In aerial photography for traditional mapping applications, photogrammetry adapted to cartographic standards, favoring coordinate systems designed for 2D representations of the Earth’s curved surface. Local Space Rectangular (LSR) coordinate systems became standard for transforming GPS-based global coordinates (e.g., WGS84) into a local Cartesian frame suitable for generating 2D map products like orthophotos and digital elevation models. These systems project a curved portion of the Earth onto a flat surface, assuming a local, planar approximation.
Limitations of Local Space Rectangular Systems
While LSR systems worked well for small nadir-only projects aligned with 2D ground control grids, they become increasingly problematic when applied over larger geographic areas with more oblique imagery.
Misalignment Between Photogrammetric and Geodetic Networks
The primary challenge lies in the flat-Earth assumption inherent in LSR systems. This assumption becomes increasingly inaccurate with distance from the projection origin, especially in wide-area surveys and projects using oblique imagery. As coverage expands, distortion increases both horizontally and vertically, degrading positional accuracy.
These inaccuracies stem from misalignments between the geodetic and photogrammetric networks, where the quality of the photogrammetric network—formed through image correlation—is intrinsically more accurate than the geodetic control system to which it is tied.
To address this issue, bundle adjustment was introduced as a method for improving spatial accuracy. Bundle adjustment is a mathematical optimization technique used in photogrammetry to simultaneously refine the 3D coordinates of object points and the parameters of the camera (position and orientation), by minimizing the reprojection error between observed and predicted image points across multiple overlapping photographs.

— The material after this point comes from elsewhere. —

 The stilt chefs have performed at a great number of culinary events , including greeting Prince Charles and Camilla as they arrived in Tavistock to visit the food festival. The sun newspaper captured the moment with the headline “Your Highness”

However, when applied to large-scale datasets, bundle adjustment faced limitations due to the influence of imprecise control points. As a refinement, the concept of a “free network” gained traction. In this approach, the initial bundle adjustment is performed without geodetic control, enabling the internal geometry of large image blocks to be solved independently, with minimal error propagation. This leads to more consistent results across the image network.

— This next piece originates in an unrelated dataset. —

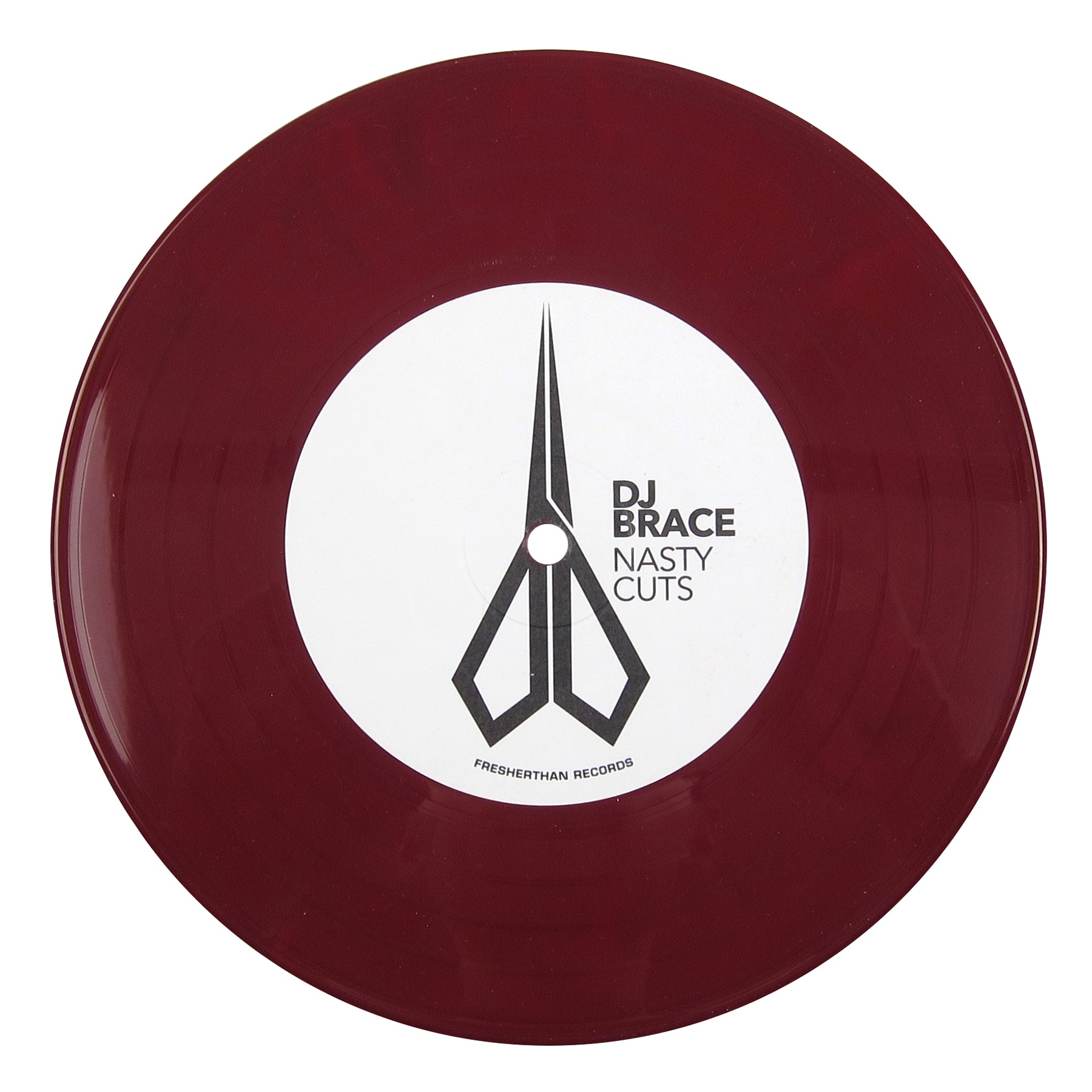 Cut like a guillotine. DJ Brace coming correct with another battle 45 reload for the portablists out there. For Nasty Cuts (follow up to 2016's Close Cuts), the three time DMC Online World Champ delivers 8 skipless loops (7 phrases and 1 drums loop) for your scratching pleasure. As expected, the sounds are fresh and diverse, perfect for throwing into your cut session or battle routine. Burgundy colored vinyl pressing.

Inherent Geometric Distortions in LSR
While the free network approach significantly improves internal accuracy, it still relies on an LSR coordinate framework that does not inherently model Earth's curvature. As a result, it remains constrained by the limitations of projecting 3D relationships onto a 2D plane. This is particularly problematic for modern photogrammetric workflows that require high-precision 3D reconstruction.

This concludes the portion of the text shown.